Third party failures thought to cost firms £783m per incident

The cost of a third-party risk incident is thought to have risen to as much as £783m per incident, according to figures released today by Deloitte, which says the impact on share price could be as much as 10%.

More than half of companies in the study estimate the cost of a supply chain failure, data privacy breach or disruption to IT services to be somewhere between £391m and £783m, or even more. This represents a marked increase since 2015, when large multinational businesses estimated the cost of a third party failure at between £1.6m and £40m.

Deloitte’s Extended Enterprise Risk Management survey was undertaken between November 2019 and January 2020, prior to the outbreak of COVID-19 being declared a global pandemic. At this point, 17% of organisations said they had faced a "high-impact" third-party risk incident in the past three years (up from 11% in 2019). Some 30% of respondents thought share prices could fall by 10% or more the incident was not adequately managed. COVID-19 is predicted to further increase need for investment in risk management.

Kristian Park, risk advisory partner at Deloitte, commented: “Despite an increase in incidents, companies are not yet investing sufficiently in managing third-party risk.

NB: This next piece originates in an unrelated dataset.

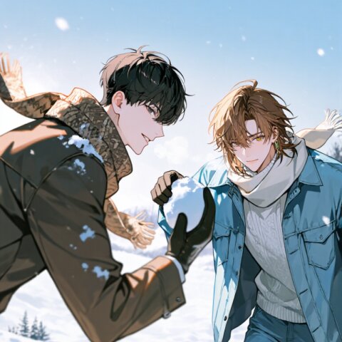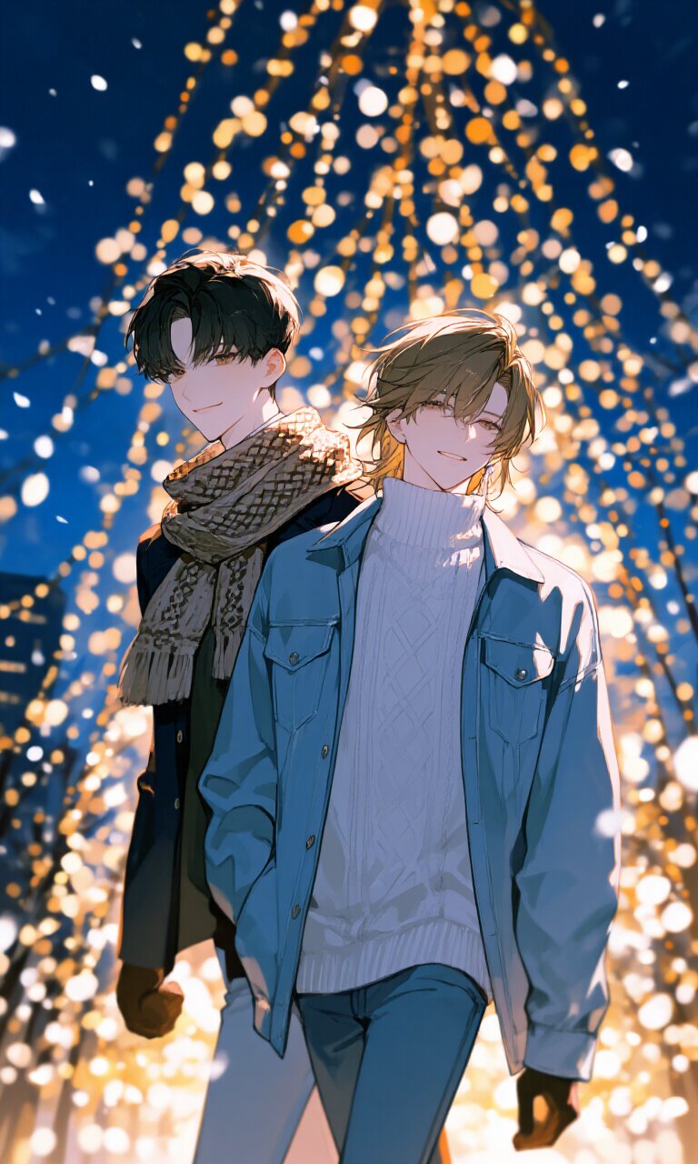 Vertical top-down shot against Christmas illumination. The scene is dominated by a late-night blue illumination background. midnight Two men walked side by side, One man: delicate Japanese man, short soft black hair, brown eyes, pale skin, gentle smile, Warm knit scarf and gloves, beautiful animation style, One is: the whole body, the portrait of a young man. The soft light shines on a man in his early 20s. His shoulder-length hair is light brown with golden highlights. He looked at the camera with a gentle expression, his lips slightly torn, and he smiled wistfully. She wears white knitwear, light blue denim jeans, and an oversized light blue denim jacket on her shoes, which evokes calmness and joy.

“The COVID-19 pandemic has only highlighted the need for investment in risk management. Companies experienced a wide range of third-party incidents at the peak of the pandemic including supply chain, logistic and financial failures, as well as data breaches resulting in fines – all of which can have a significant impact on customer service, regulatory compliance and reputation.”

For the first time in five years, a desire to be a responsible business, that effectively manages ESG issues in the supply chain, was one of the key reasons companies invest in third-party risk management, with 43% citing it as a reason for investment.

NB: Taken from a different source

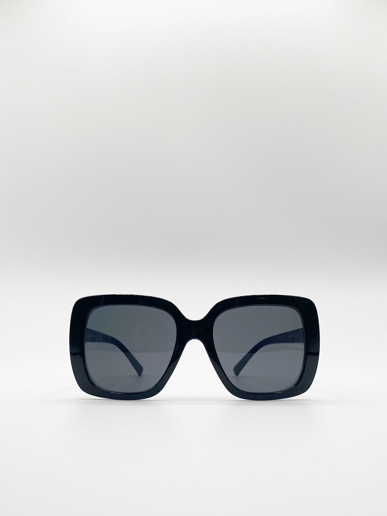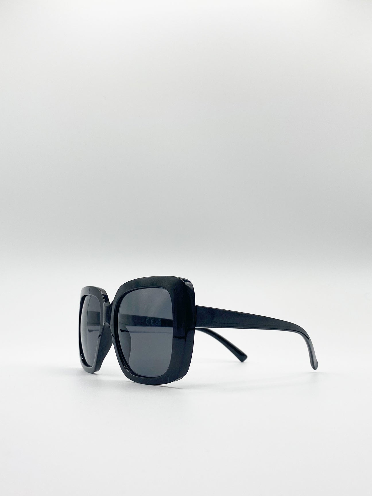 Black Oversized Square Sunglasses with Smoke Mono Lenses

These desires were not matched in action, however, with a large proportion still not allocating budget to associated areas - 74% had not allocated funds to managing climate risk, 57% to environmental risk and 54% to modern slavery and labour.

Budget was instead directed to the more pressing issues of information security, cyber risk, data privacy and health and safety. Cyber risk made up the largest proportion of incidents at 23%, followed by bribery corruption (23%) and information security (9%).

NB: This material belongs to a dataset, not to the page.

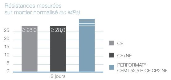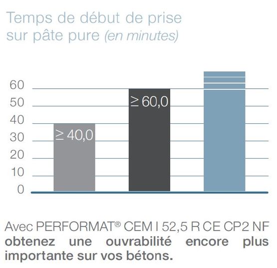Résistance et performance élevées : Les ciments PERFORMAT sont spécialement formulés pour atteindre des résistances mécaniques initiales et finales élevées, adaptées aux bétons à hautes performances (BHP).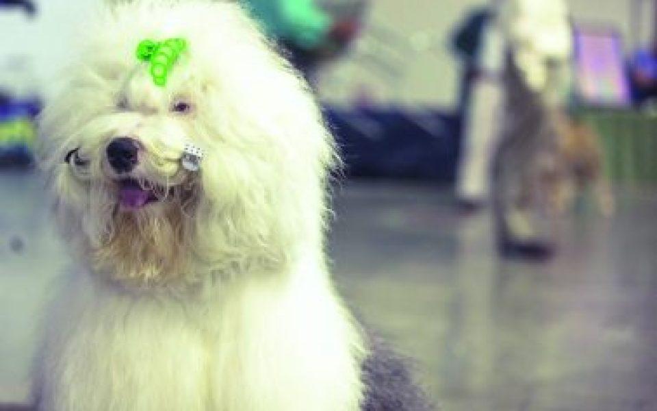 At the table next to them, Clute works on a black Russian terrier named Vincent, who is due in the ring in eight minutes, with a hand-dryer and a spiky brush. He’s a large and dignified animal, with thick, coarse fur that droops from his snout like a moustache and covers his eyes in thin forelocks.

Park continued: “The survey showed a desire to develop risk capabilities and to become a responsible business. Whilst efforts were paused at the beginning of the pandemic, these themes are wide spread and constant as companies start to recover, particularly around workplace safety and carbon footprint. Given a growing dependence on critical third party relationships, it’s key that companies act now to protect themselves and their extended enterprise.”

Deloitte's findings were based on a survey of over 1,145 respondents from 20 countries.